> _Your assignment_:
Each line from the opening of the material through the line holding "В Чили митинг" needs to be returned exactly, with the pictures left out.

━━━ Records to use ━━━

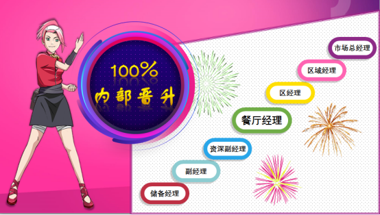 --最后8-12个月,继续学习利润管理、团队管理、TQM等6门管理课程,由此荣升为独当一面、带领百人团队、掌管千万营业额的餐厅经理,成为百胜的核心人物。
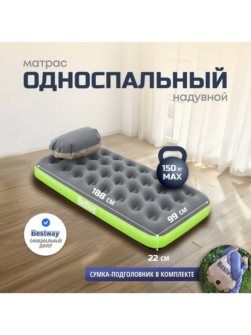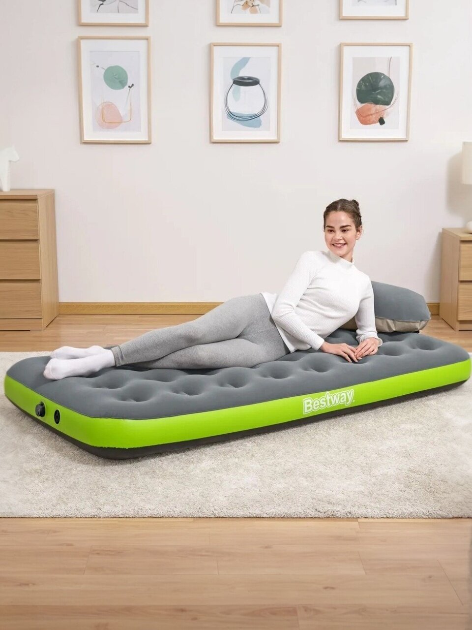 Матрас Bestway, выполненный из прочного флокированного винила, обеспечивает комфортный и здоровый сон в любых условиях. Его уникальная конструкция позволяет ему сохранять форму даже при неравномерном распределении нагрузки. Этот матрас легко надувать и сдувать, что делает его прекрасным выбором для путешествий или отдыха на природе. Кроме того, он может служить дополнительным спальным местом в квартире или доме. Если пространство ограничено, надувные матрасы становятся отличным решением для размещения гостей. Всё, что нужно сделать, - это надуть матрас и разместить его в свободной комнате.
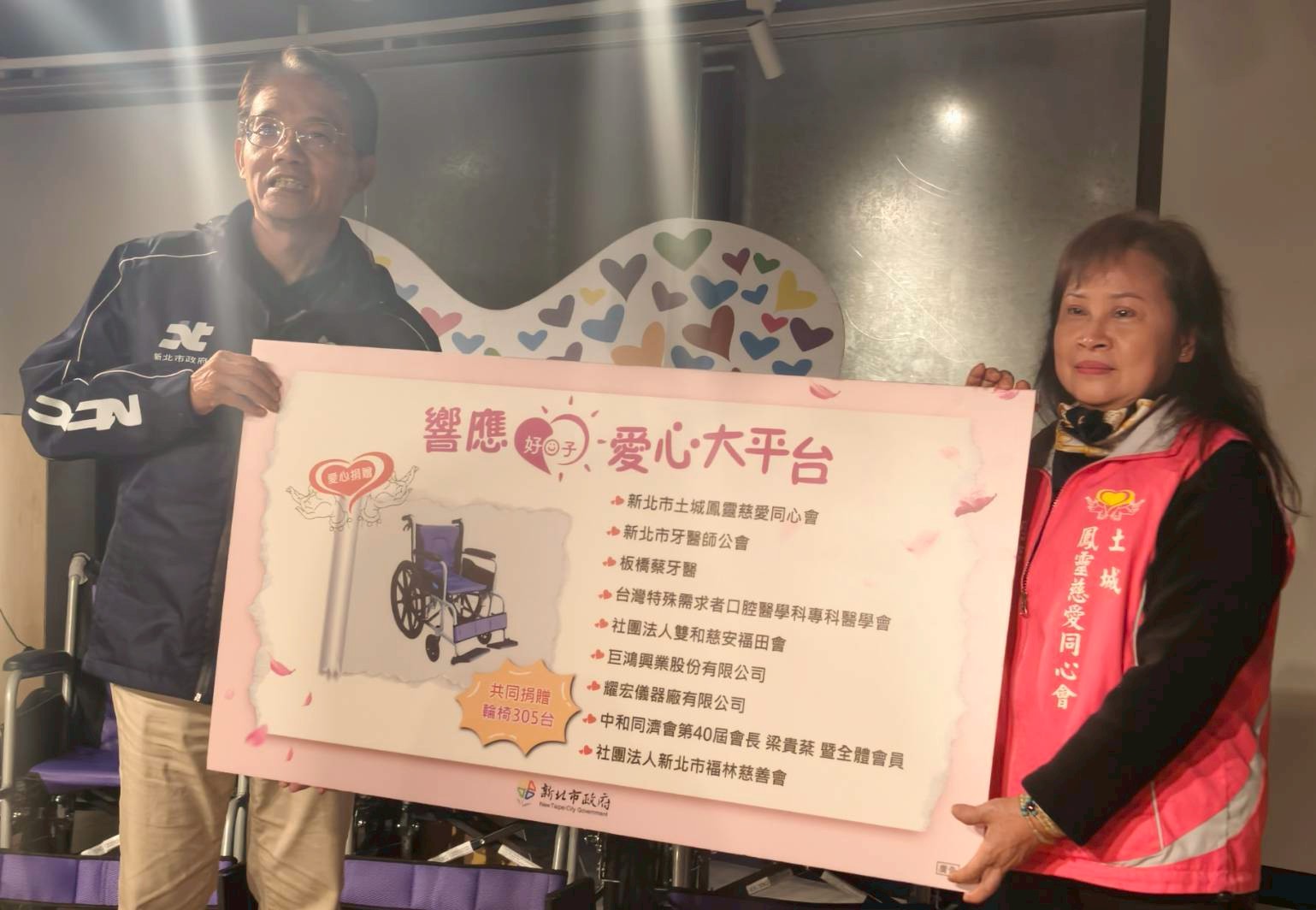 新北土城鳳靈慈愛同心會等單位自民國108年至113年6月止,已累計捐贈輪椅1,188台、助行器245台及氧氣製造機1台,持續為弱勢族群注入溫暖。本次捐贈之305台輪椅,由新北市秘書長邱敬斌代表受贈並頒發感謝獎牌,所有輔具將交由新北市輔具資源中心評估後,免費媒合給有需求的民眾,讓善心物資發揮最大效益,促成資源共享、愛心循環。
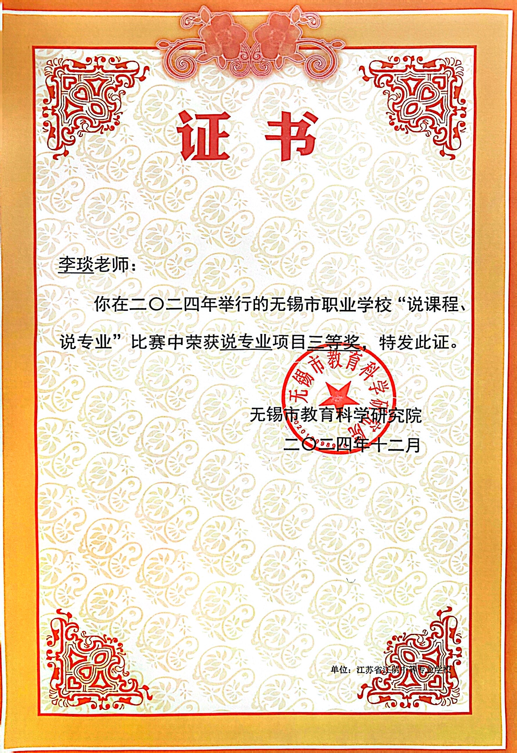 李琰获得无锡市“说专业”比赛三等奖 2025-09-28
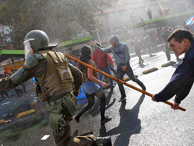 В Чили митинг был санкционирован и хорошо организован, проходил мирно. Группе молодых людей, видимо, быстро наскучило планомерное шествие, и они отправились громить ближайшие магазины. Столица государства - город Сантьяго наполнился звуками разрывающихся петард, бутылок с коктейлем Молотова и битого стекла. Полиции пришлось применить слезоточивый газ и резиновые пули. 60 особо бойких отправились в участки.
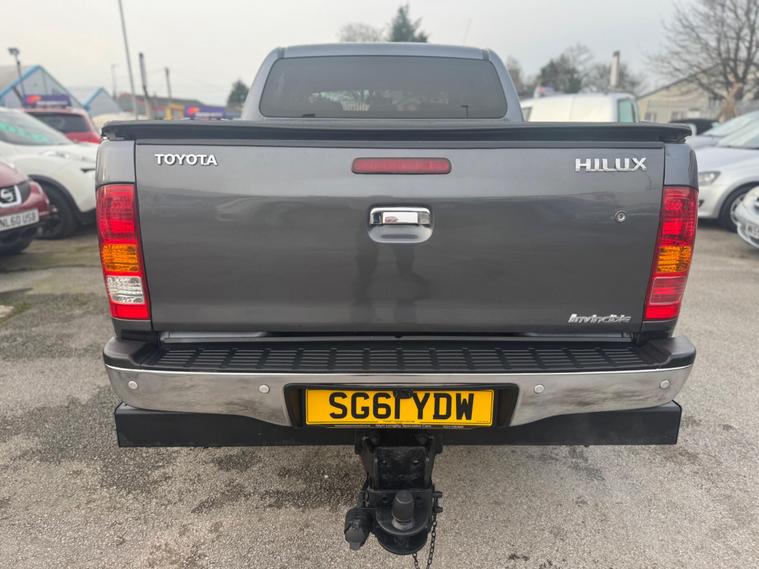 dealer's website ESTABLISHED 1991 FOR MORE VAT FREE PICKUPS AND VANS AT AFFORDABLE PRICES.This 2011 Toyota Hilux Invincible 4x4 D-4D DCB presents a compelling proposition with its remarkably low mileage for its age, having covered just 96, 000 miles. As a robust Invincible variant, this double cab pickup is equipped with a powerful 3.0L Diesel engine and Four Wheel Drive capability, ready for any challenge. Its provenance is further assured with a clear vehicle history check and a 3 month warranty for your peace of mind. Inside, you'll find comfort and convenience with Automatic Air Conditioning featuring climate control, and the ease of a Rear View Camera complete with parking assistance. The Dusk Sensor ensures your headlights activate automatically, while Bluetooth Connectivity keeps you connected on the go.This Hilux Invincible stands out with several key highlights that set it apart. Its impressive fuel economy of 37 mpg is a significant advantage, offering greater efficiency than many comparable vehicles. Furthermore, its low CO2 emissions contribute to a more environmentally conscious drive. The low insurance group rating also indicates that running costs are kept to a minimum, making this a sensible choice for both personal and professional use. With its partial service history, this vehicle has been maintained, offering a reliable and capable package..
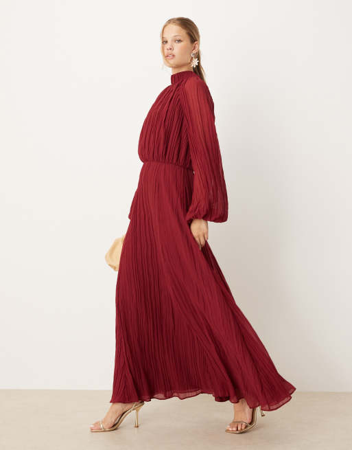 ASOS DESIGN - Hoogsluitende maxi-jurk van kreukelstof met blousonmouwen in diep bessenrood
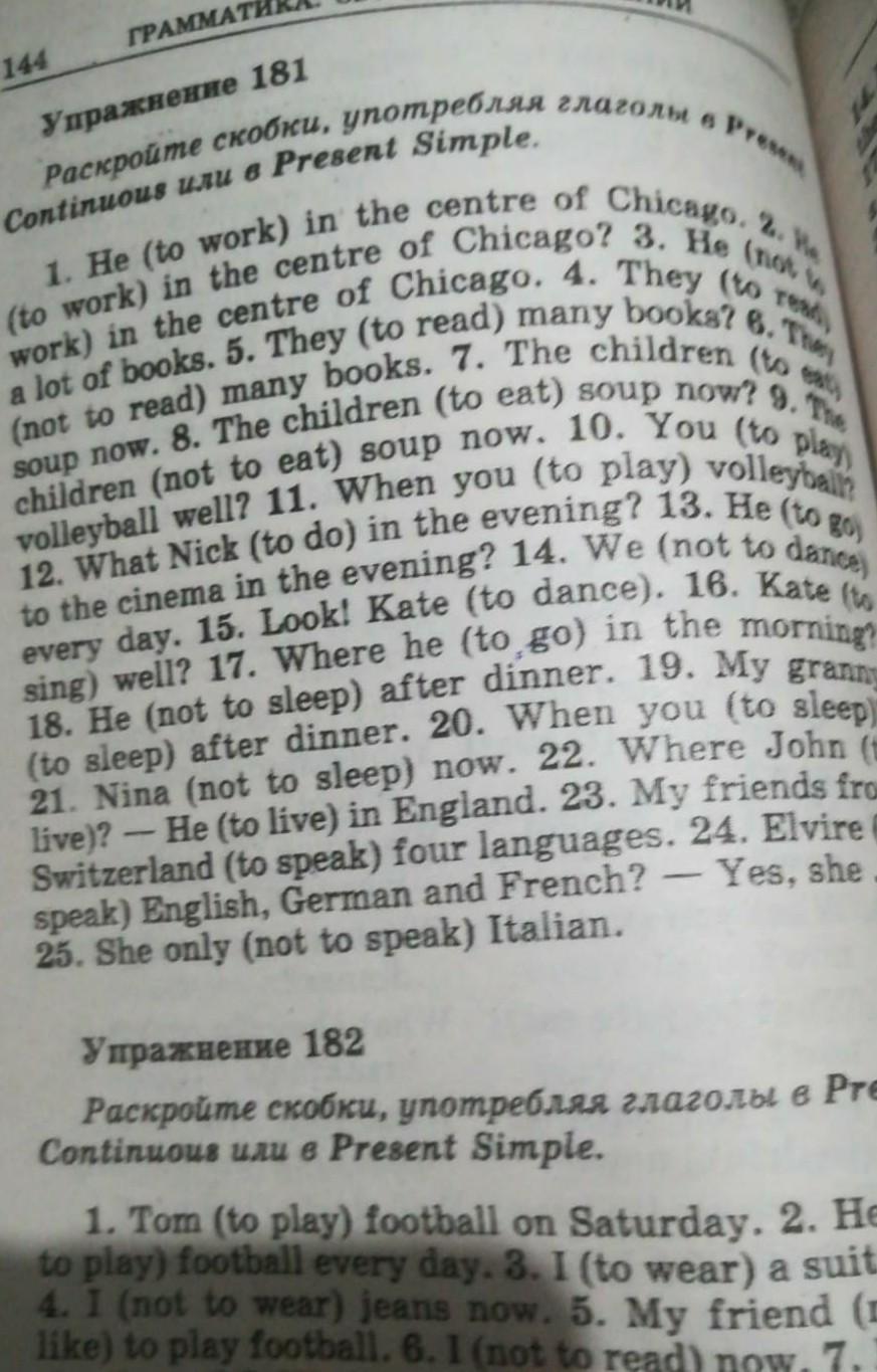 144 ГРАММАТИКА. СВОРН кний Упражнение 181 Раскройте скобки, употребляя глаголы в Р Continuous uлu e Present Simple. (to work) in the centre of Chicago? 3. He ( 1. He (to work) in the centre of Chicago. 2 work) in the centre of Chicago. 4. They (to a lot of books. 5. They (to read) many books? 6. (not to read) many books. 7. The children ( soup now. 8. The children (to eat) soup now? children (not to eat) soup now. 10. You (te volleyball well? 11. When you (to play) voll 12. What Nick (to do) in the evening? 13. He to the cinema in the evening? 14. We (not to every day. 15. Look! Kate (to dance). 16. B sing) well? 17. Where he (to go) in the m 18. He (not to sleep) after dinner. 19. My (to sleep) after dinner. 20. When you (to 21. Nina (not to sleep) now. 22. Where live)? - He (to live) in England. 23. My frie Switzerland (to speak) four languages. 24. speak) English, German and French? - Ye 25. She only (not to speak) Italian. ПОЖАЛУЙСТА ПОМОГИТЕ МНЕ
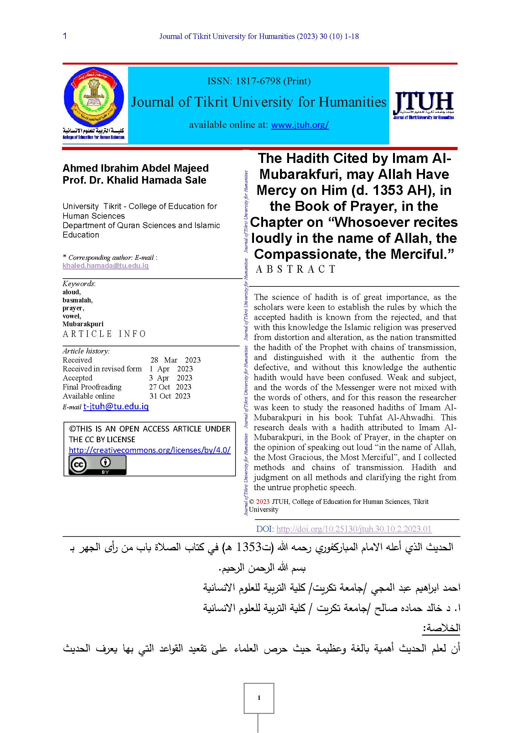 Abdel Majeed, A. I., & Saleh, K. H. (2023). The Hadith Cited by Imam Al-Mubarakfuri, may Allah Have Mercy on Him (d. 1353 AH), in the Book of Prayer, in the Chapter on “Whosoever recites loudly in the name of Allah, the Compassionate, the Merciful.”. Journal of Tikrit University for Humanities, 30(10, 2), 1–18. https://doi.org/10.25130/jtuh.30.10.2.2023.01

━━━

> _Solution below_:
 --最后8-12个月,继续学习利润管理、团队管理、TQM等6门管理课程,由此荣升为独当一面、带领百人团队、掌管千万营业额的餐厅经理,成为百胜的核心人物。
 Матрас Bestway, выполненный из прочного флокированного винила, обеспечивает комфортный и здоровый сон в любых условиях. Его уникальная конструкция позволяет ему сохранять форму даже при неравномерном распределении нагрузки. Этот матрас легко надувать и сдувать, что делает его прекрасным выбором для путешествий или отдыха на природе. Кроме того, он может служить дополнительным спальным местом в квартире или доме. Если пространство ограничено, надувные матрасы становятся отличным решением для размещения гостей. Всё, что нужно сделать, - это надуть матрас и разместить его в свободной комнате.
 新北土城鳳靈慈愛同心會等單位自民國108年至113年6月止,已累計捐贈輪椅1,188台、助行器245台及氧氣製造機1台,持續為弱勢族群注入溫暖。本次捐贈之305台輪椅,由新北市秘書長邱敬斌代表受贈並頒發感謝獎牌,所有輔具將交由新北市輔具資源中心評估後,免費媒合給有需求的民眾,讓善心物資發揮最大效益,促成資源共享、愛心循環。
 李琰获得无锡市“说专业”比赛三等奖 2025-09-28
 В Чили митинг был санкционирован и хорошо организован, проходил мирно. Группе молодых людей, видимо, быстро наскучило планомерное шествие, и они отправились громить ближайшие магазины. Столица государства - город Сантьяго наполнился звуками разрывающихся петард, бутылок с коктейлем Молотова и битого стекла. Полиции пришлось применить слезоточивый газ и резиновые пули. 60 особо бойких отправились в участки.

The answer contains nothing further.